◆ **Instructions for the task**:
Go through the records below and set each one down exactly, leaving out any pictures.

(Beginning of Extracted records)

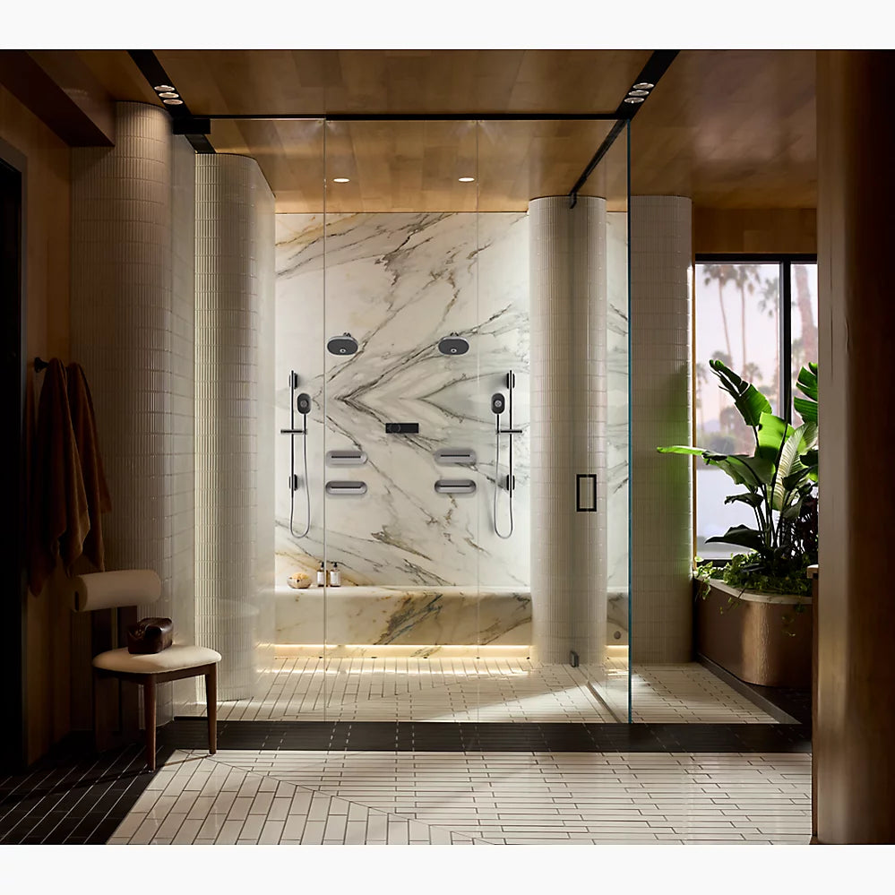 Enjoy the flexibility of a handshower that rinses, restores, and targets sore muscles—all at the touch of a button, while conserving water. The Statement multifunction handshower with 1.75 gpm flow rate lets you choose between Full Coverage with Katalyst air-induction technology for large luxurious water drops, a super-fine silky Cloud spray experience, and more focused, Deep Massage kinetic cross-streams. The three-function oblong handshower features an intuitive mode selector button for switch the spray. Its sleek, minimalist design complements many KOHLER faucets and accessories.
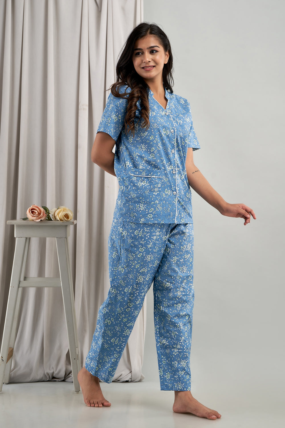 Easy like a Sunday breeze—"Bluebell Bloom" wraps you in the calm of a wildflower field under soft skies. With ditsy white blossoms and a relaxed fit, this one's made for lounging, dreaming, and everything in between.
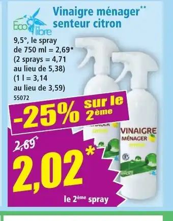 Actuellement en offre chez Norma : ECO LIBRE Vinaigre ménager senteur citron ✅ Valable du 25-02 au 3-03.
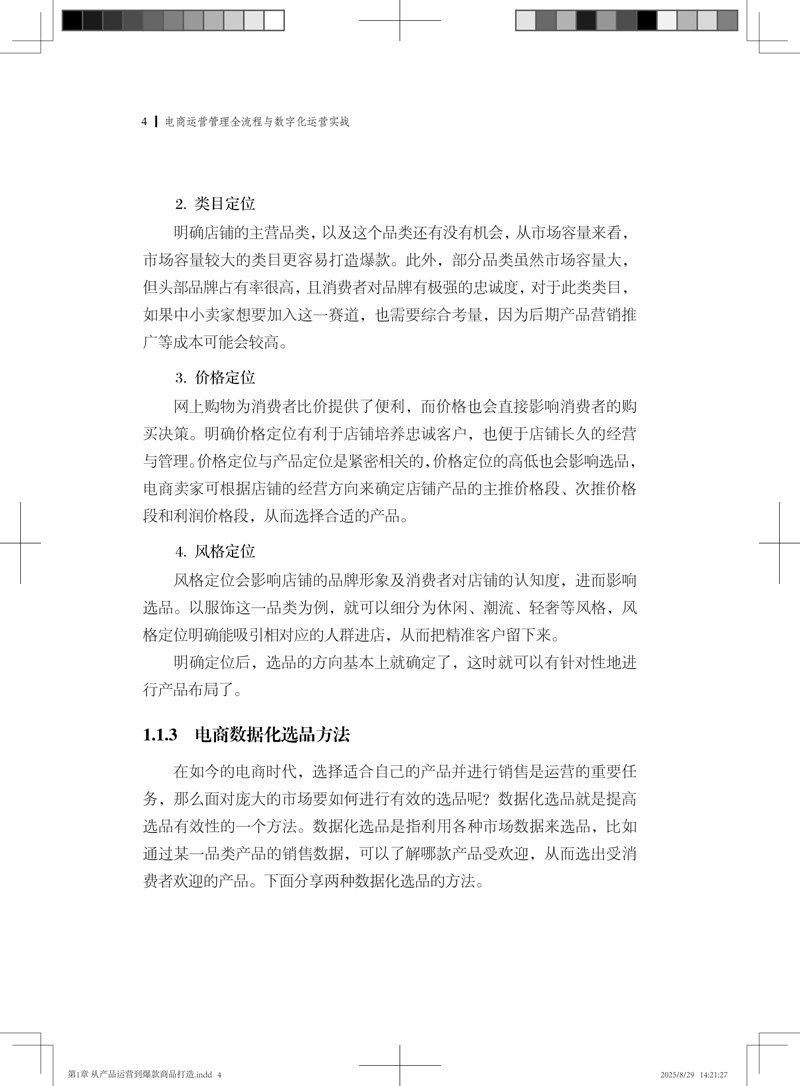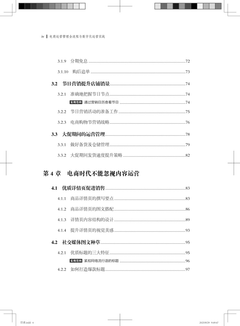这是一本专门介绍电商运营管理和数字化运营实战的工具书,全书可分为三部分:第一部分为本书的基础入门内容,涵盖电商的经营模式、电商运营的整体思维、电商运营的常用策略等。通过这部分内容,能够帮助读者快速了解电商运营。第二部分为电商运营管理实务内容,包含产品运营、文案设计技能、内容策划、粉丝引流等。借助这部分内容,可以帮助读者掌握电商运营环境中的实操技能,做好运营管理工作。第三部分为电商运营的数字化运营实战内容,涉及流量数据的监管与分析、用户量化运营、市场行业洞察等。通过这部分内容,能够助力读者从量化的角度开展运营推广和决策指导,让运营工作更具依据。本书内容实用,涉及电商运营的常规运营管理实务及数据量化管理两个方面,不仅有方法、技巧、经验分享等干货,还包括量化实操指导。讲解过程中,大量穿插实例分析和演示,力求降低读者的学习难度,使其更高效、快速地掌握相关内容。
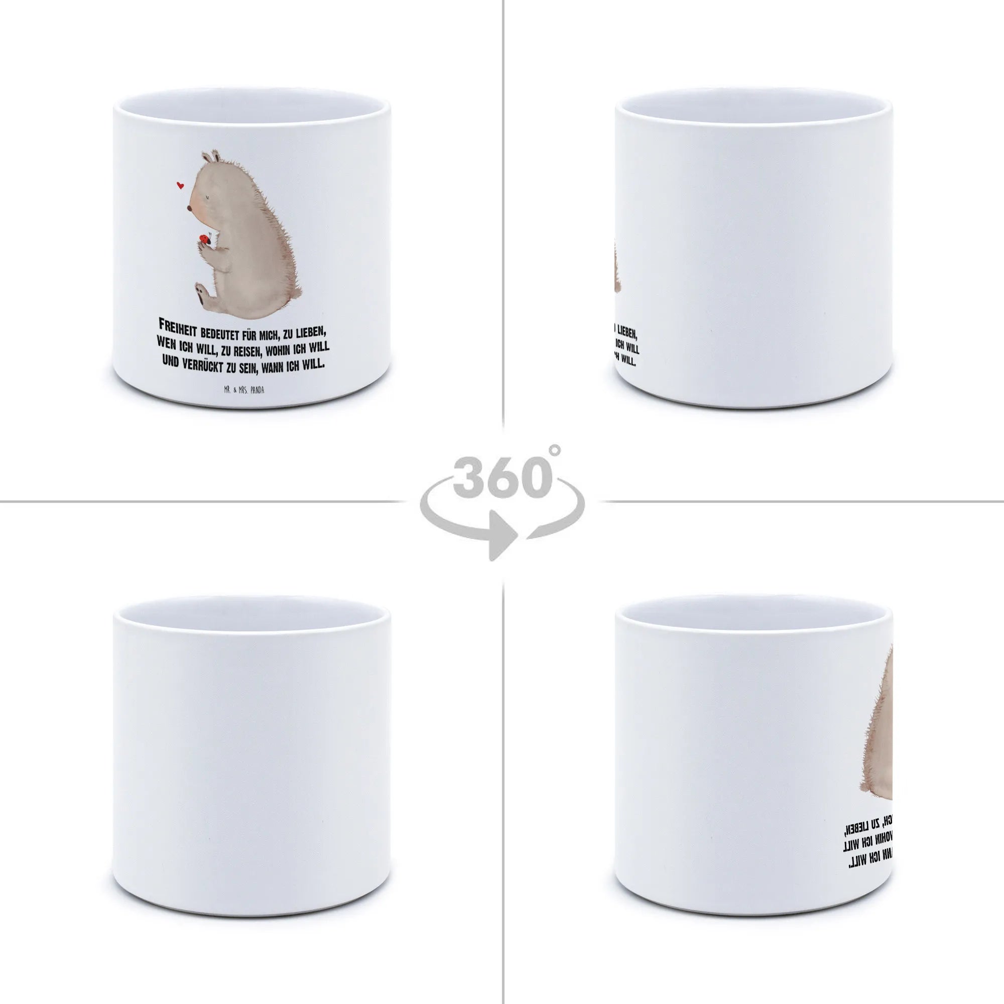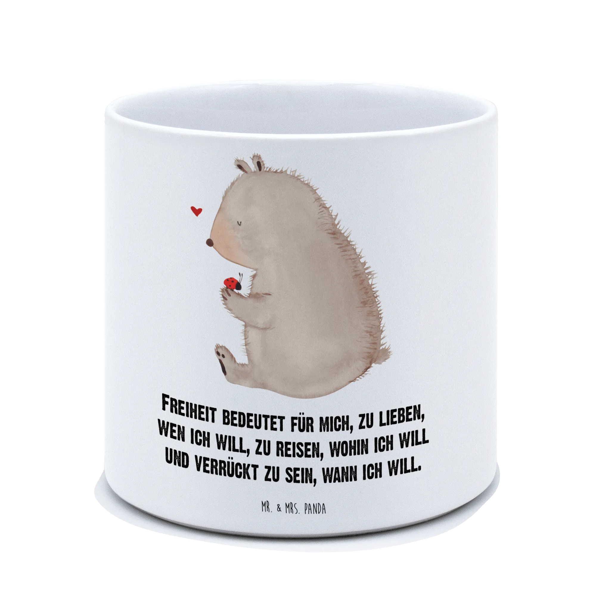 Entdecke den XL Blumentopf von Mr. & Mrs. Panda, der nicht nur ein praktisches Accessoire für deinen Balkon, deine Terrasse oder auch die Fensterbank ist, sondern auch ein echter Blickfang voller Freude! Mit einem zauberhaften Motiv eines Bären und eines Marienkäfers, das von Mrs. Panda liebevoll entworfen wurde, bringt dieser Blumentopf ein Stück Natur in dein Zuhause.
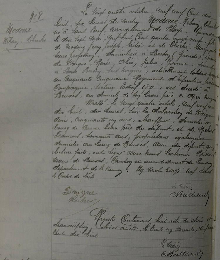 Décédé le 24 Octobre 1918 dans ses foyers - Avis de décès de la mairie de Beuxes en date du 1 Décembre 1919.
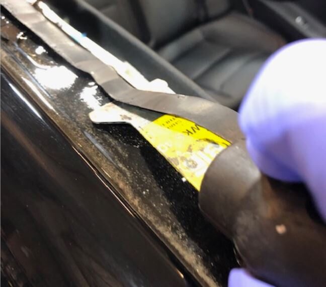 使用刮刀清理车身上的旧聚氨酯,然后使用异丙醇 (IPA) 湿巾擦拭车身,清洁表面。
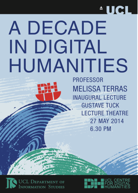 So, my inaugural lecture is coming up in a few weeks, and I’m starting to write it now, nervously… The event has already sold out, but will be streamed online live, and there is also another lecture theatre at UCL that it will be shown live in (The Terras Terrace?). Dr Rudolf Ammann, UCLDH’s designer at large, has kindly provided some visuals for me… here’s the promotional flyer.
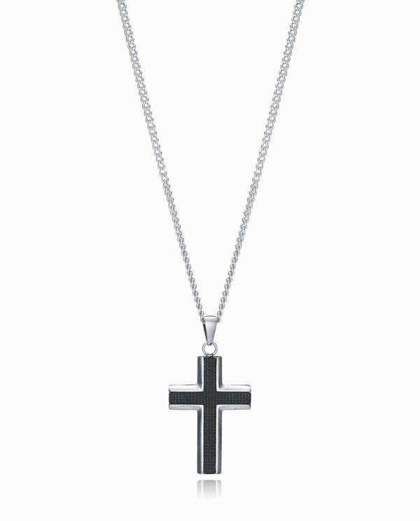 Cruz con pavonado negro , largo de la cadena 50 cm , tamaño de la cruz 30 x 21 milimétros .
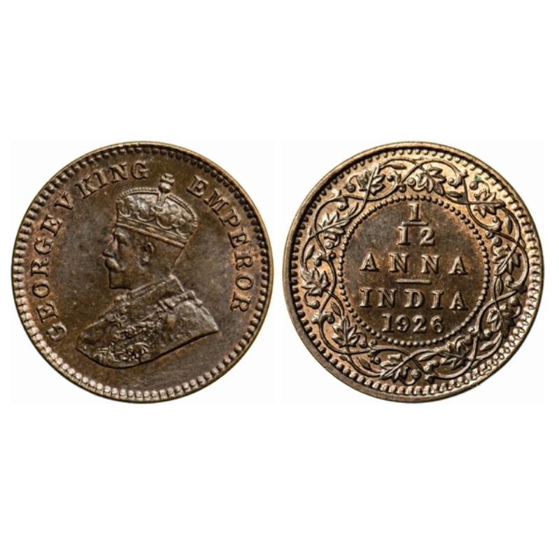 George V, Bronze, 1/12 Anna, 1926, Calcutta Mint, No dot. GK 1240.
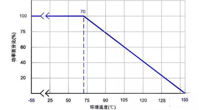 而最大工作電壓是在額定功率下,該電阻可以承受的最大電壓。但是要注意!看下面這個(gè)圖。可以看出額定功率是在最高環(huán)境溫度70度的條件下標(biāo)注的(不同廠家,系列可能有微小區(qū)別,在設(shè)計(jì)之初和問題查找的時(shí)候應(yīng)該核實(shí)清楚。)
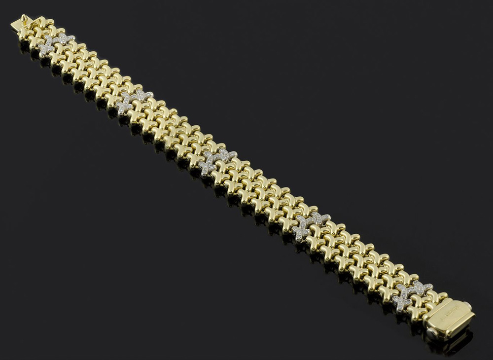 Lotto 38 | Bracciale semirigido in oro giallo e diamanti per ca ct 0,60. Firmato Chimento.
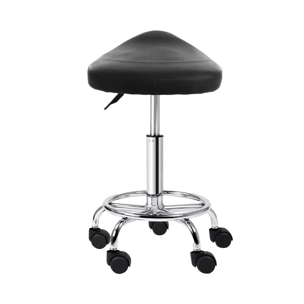 Modern bárszék kerekeken, nyereg alakú ülőfelülettel. A szék teljesen forgatható és magasságában állítható, a fő tartóoszlopban gázmechanizmus található. Az ülőfelület fekete műbőrrel kárpitozott, a legszélesebb pontján 36 cm széles. A szék váza krómozott, matt felületkezelésű. A váz kerek lábtartóval és öt fekete kerékkel is fel van szerelve, amelyek lehetővé teszik a szék gyors és egyszerű mozgatását a helyiségben. Maximális teherbírás 120 kg.
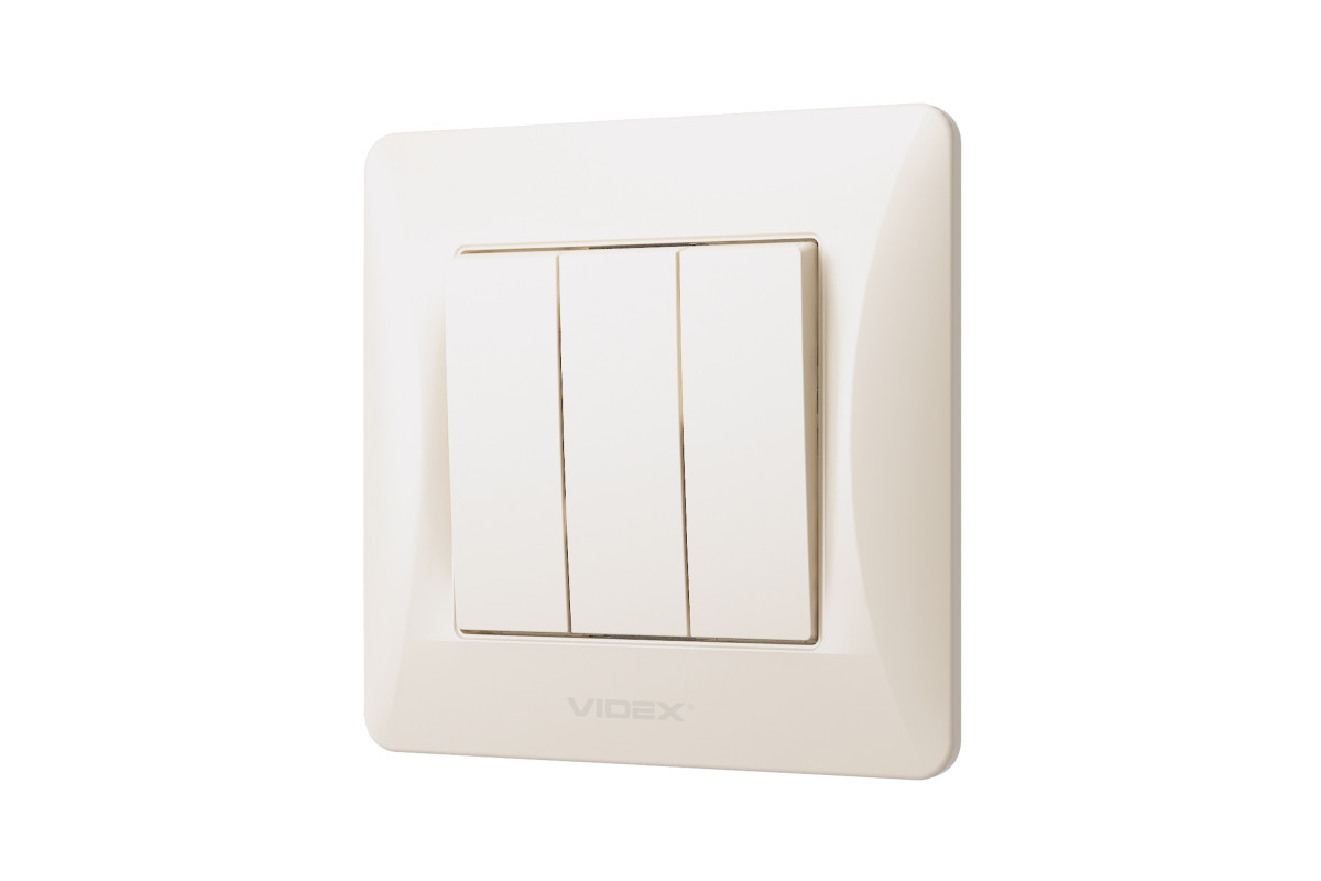Выключатель трехклавишный кремовый VIDEX BINERA

(End of Extracted records)

◆ **Exercise result**:
 Enjoy the flexibility of a handshower that rinses, restores, and targets sore muscles—all at the touch of a button, while conserving water. The Statement multifunction handshower with 1.75 gpm flow rate lets you choose between Full Coverage with Katalyst air-induction technology for large luxurious water drops, a super-fine silky Cloud spray experience, and more focused, Deep Massage kinetic cross-streams. The three-function oblong handshower features an intuitive mode selector button for switch the spray. Its sleek, minimalist design complements many KOHLER faucets and accessories.
 Easy like a Sunday breeze—"Bluebell Bloom" wraps you in the calm of a wildflower field under soft skies. With ditsy white blossoms and a relaxed fit, this one's made for lounging, dreaming, and everything in between.
 Actuellement en offre chez Norma : ECO LIBRE Vinaigre ménager senteur citron ✅ Valable du 25-02 au 3-03.
这是一本专门介绍电商运营管理和数字化运营实战的工具书,全书可分为三部分:第一部分为本书的基础入门内容,涵盖电商的经营模式、电商运营的整体思维、电商运营的常用策略等。通过这部分内容,能够帮助读者快速了解电商运营。第二部分为电商运营管理实务内容,包含产品运营、文案设计技能、内容策划、粉丝引流等。借助这部分内容,可以帮助读者掌握电商运营环境中的实操技能,做好运营管理工作。第三部分为电商运营的数字化运营实战内容,涉及流量数据的监管与分析、用户量化运营、市场行业洞察等。通过这部分内容,能够助力读者从量化的角度开展运营推广和决策指导,让运营工作更具依据。本书内容实用,涉及电商运营的常规运营管理实务及数据量化管理两个方面,不仅有方法、技巧、经验分享等干货,还包括量化实操指导。讲解过程中,大量穿插实例分析和演示,力求降低读者的学习难度,使其更高效、快速地掌握相关内容。
 Entdecke den XL Blumentopf von Mr. & Mrs. Panda, der nicht nur ein praktisches Accessoire für deinen Balkon, deine Terrasse oder auch die Fensterbank ist, sondern auch ein echter Blickfang voller Freude! Mit einem zauberhaften Motiv eines Bären und eines Marienkäfers, das von Mrs. Panda liebevoll entworfen wurde, bringt dieser Blumentopf ein Stück Natur in dein Zuhause.
 Décédé le 24 Octobre 1918 dans ses foyers - Avis de décès de la mairie de Beuxes en date du 1 Décembre 1919.
 使用刮刀清理车身上的旧聚氨酯,然后使用异丙醇 (IPA) 湿巾擦拭车身,清洁表面。
 So, my inaugural lecture is coming up in a few weeks, and I’m starting to write it now, nervously… The event has already sold out, but will be streamed online live, and there is also another lecture theatre at UCL that it will be shown live in (The Terras Terrace?). Dr Rudolf Ammann, UCLDH’s designer at large, has kindly provided some visuals for me… here’s the promotional flyer.
 Cruz con pavonado negro , largo de la cadena 50 cm , tamaño de la cruz 30 x 21 milimétros .
 George V, Bronze, 1/12 Anna, 1926, Calcutta Mint, No dot. GK 1240.
 而最大工作電壓是在額定功率下,該電阻可以承受的最大電壓。但是要注意!看下面這個(gè)圖。可以看出額定功率是在最高環(huán)境溫度70度的條件下標(biāo)注的(不同廠家,系列可能有微小區(qū)別,在設(shè)計(jì)之初和問題查找的時(shí)候應(yīng)該核實(shí)清楚。)
 Lotto 38 | Bracciale semirigido in oro giallo e diamanti per ca ct 0,60. Firmato Chimento.
 Modern bárszék kerekeken, nyereg alakú ülőfelülettel. A szék teljesen forgatható és magasságában állítható, a fő tartóoszlopban gázmechanizmus található. Az ülőfelület fekete műbőrrel kárpitozott, a legszélesebb pontján 36 cm széles. A szék váza krómozott, matt felületkezelésű. A váz kerek lábtartóval és öt fekete kerékkel is fel van szerelve, amelyek lehetővé teszik a szék gyors és egyszerű mozgatását a helyiségben. Maximális teherbírás 120 kg.
Выключатель трехклавишный кремовый VIDEX BINERA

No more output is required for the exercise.